Golden proposes an environmentally-sane alternative to the Peotone or O'Hare airport projects, the establishment of an Illinois "Manhattan Project" to develop alternate energy sources for the 21st century, the consolidation of law enforcement agencies for more efficient response to emergencies, a sister program between Illinois and Arab cities to dispel the irrational hatred of America in those countries, making participation in dog fighting a felony rather than misdemeanor, and a myriad of other legislation. Using his Masters degree education from Cornell University, he even proposes legislation requiring a design for skyscrapers to safeguard them against collapse, from a well-received paper he submitted to civil engineering journals.
The "Manhattan Project" concept stems from his teaching courses on energy and the environment as a university professor since the early 1980's. "Within 20 years, or 50 years, or 75 years, depending on the parameters, we will run out of petroleum. The earth will only be able to sustain 300 to 500 million people, as it did for thousands of years before the age of petroleum began in the 19th century. That means unimaginable famine, wars, disease, leading to the death of 90% of all human beings, not to mention what those wars will do to the earth and its non-human inhabitants," said Golden.

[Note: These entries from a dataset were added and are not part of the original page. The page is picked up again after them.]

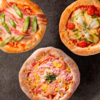 紅ずわいがにとコーンのピザ270g×1、のどぐろとトマトのピザ280g×1、ベーコンとアスパラのピザ285g×1
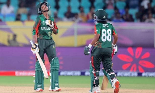 রোববার (২৬ অক্টোবর) মুম্বাইয়ে টস হেরে প্রথমে ব্যাটিং করতে নামে বাংলাদেশ। শুরু থেকেই ব্যাটিংয়ে ছিল ধীর গতির। ওপেনার সুমাইয়া ৬ বলে ২ রান করে ফিরেন। অপর ওপেনার রুবাইয়া হায়দার ঝিলিকও বেশ ধীরগতিতে খেলেন—৩২ বলে ১৩ রান করার পর আক্রমণাত্মক হতে গিয়ে আউট হন।
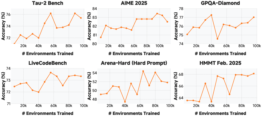 关键发现 :在代码代理任务上的 RL 训练,能够泛化到数学推理、通用问答等其他领域,说明代码能力是一种"元能力"。
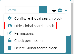 - To hide a block, click on the Actions menu dropdown, and select the Hide
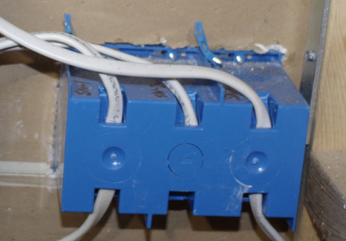 The image below is a 3 gang old work box installed in drywall. The view is from inside the wall. A 3 gang box is sometimes hard to find at the BORG or even a real hardware store.

"We must begin now to commit funds to the only viable alternative, a network of solar power satellites. Because our elected officials serve terms of 2, 4, or 6 years, and spend too much time coddling their constituents on more immediate issues to ensure their reelection and political careers, they lack this long-term perspective. The federal government is showing no action, so I suggest it becomes Illinois' project," says Golden.
Golden, who has pledged to serve only one term in office so as to be able to focus on such issues, envisions a high-tech effort using the resources of the physics and engineering departments of the University of Illinois, Northwestern University, the University of Chicago, and Fermi and Argonne laboratories. "As in the Manhattan Project in World War II, this expertise would gather with one goal in mind, the research and development of a solar power satellite network," said Golden.
In keeping with the logic of his goals and legislative proposals, such a piece of legislation would help achieve several of Golden's goals. It would provide good jobs for Illinois residents, it would help decrease the imbalance between taxpayer money going to Washington D.C. and that returning to Illinois, and, by removing our dependence on foreign oil, it would help in the fight against terrorism.
Golden, whose political philosphy includes the mantra that "serving as an elected official should be a short-term privilege, not a long-term career," will devote all his energies to passage of his proposed legislation, not to reelection. "From the day I arrive in Springfield," he says, "I will be spending the bulk of my time with the bill-righting legal staff, not with the political action groups or fundraising lobbies," says Golden.
The "Manhattan Project" for Illinois is consistent with another of the elements of Golden's political philosophy. "I think that political leadership is the ability to foresee a problem and prevent it, not to react to a problem after it has occurred by spending millions and billions of taxpayer money to fix it," said Golden. "Unfortunately, that's how government seems to work," Golden says, pointing to the Enron collapse and the 9/11 attack on America. "When we run out of oil -- and it's going to happen -- one can only imagine the calamity that will occur worldwide. I can't imagine a greater contribution to civilization than Illinois developing such a project," said Golden.
"We're very pleased that Les accepted our offer to represent Oak Park downstate. People of his intellect and passion come along far too seldom in this business," said Meyer, the Oak Park Republican committeeman.